- Official name: Şamlı Rüzgâr Enerji Santralı
- Country: Turkey
- Location: Şamlı, Balıkesir
- Coordinates: 39°49′18″N 27°49′27″E﻿ / ﻿39.82172°N 27.82425°E
- Status: Operational

Wind farm
- Type: onshore
- Hub height: 80 m (260 ft)
- Rotor diameter: 90 m (300 ft)

Power generation
- Nameplate capacity: 174 MW
- Annual net output: 375 GWh

= Şamlı Wind Farm =

Wind farm in Turkey

Şamlı Wind Farm is an onshore wind power plant in Şamlı in Balıkesir Province in western Turkey.

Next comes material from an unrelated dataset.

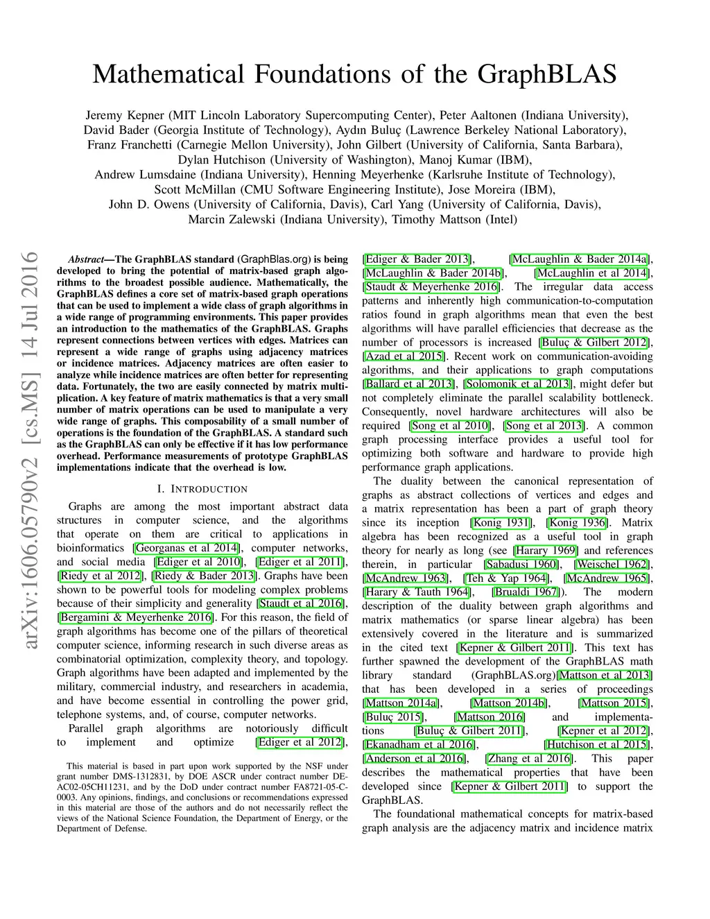 The GraphBLAS standard (GraphBlas.org) is being developed to bring the potential of matrix based graph algorithms to the broadest possible audience. Mathematically the Graph- BLAS defines a core set of matrix-based graph operations that can be used to implement a wide class of graph algorithms in a wide range of programming environments. This paper provides an introduction to the mathematics of the GraphBLAS. Graphs represent connections between vertices with edges. Matrices can represent a wide range of graphs using adjacency matrices or incidence matrices. Adjacency matrices are often easier to analyze while incidence matrices are often better for representing data. Fortunately, the two are easily connected by matrix mul- tiplication. A key feature of matrix mathematics is that a very small number of matrix operations can be used to manipulate a very wide range of graphs. This composability of small number of operations is the foundation of the GraphBLAS. A standard such as the GraphBLAS can only be effective if it has low performance overhead. Performance measurements of prototype GraphBLAS implementations indicate that the overhead is low.

The wind farm consists of three fields operated by different companies. A total of 91 wind turbines have an installed output power of 150 MW and generate about 375 GWh a year.

==Technical details==
- Field 1 consists of 38 turbines of type Vestas V90/3000 each with 90 m rotor diameter at a hub height of 80 m generating 3.0 MW power. Total installed power increased from 90 MW to 114 MW with the expansion completed in November 2011. Operated by Borasco.
- Field 2 has a total installed power is 30.0 MW. Operated by Yapısan company.
- Field 3 consists of 20 turbines of type Vestas. Total installed power is 30.0 MW. The field is operated by Bares company.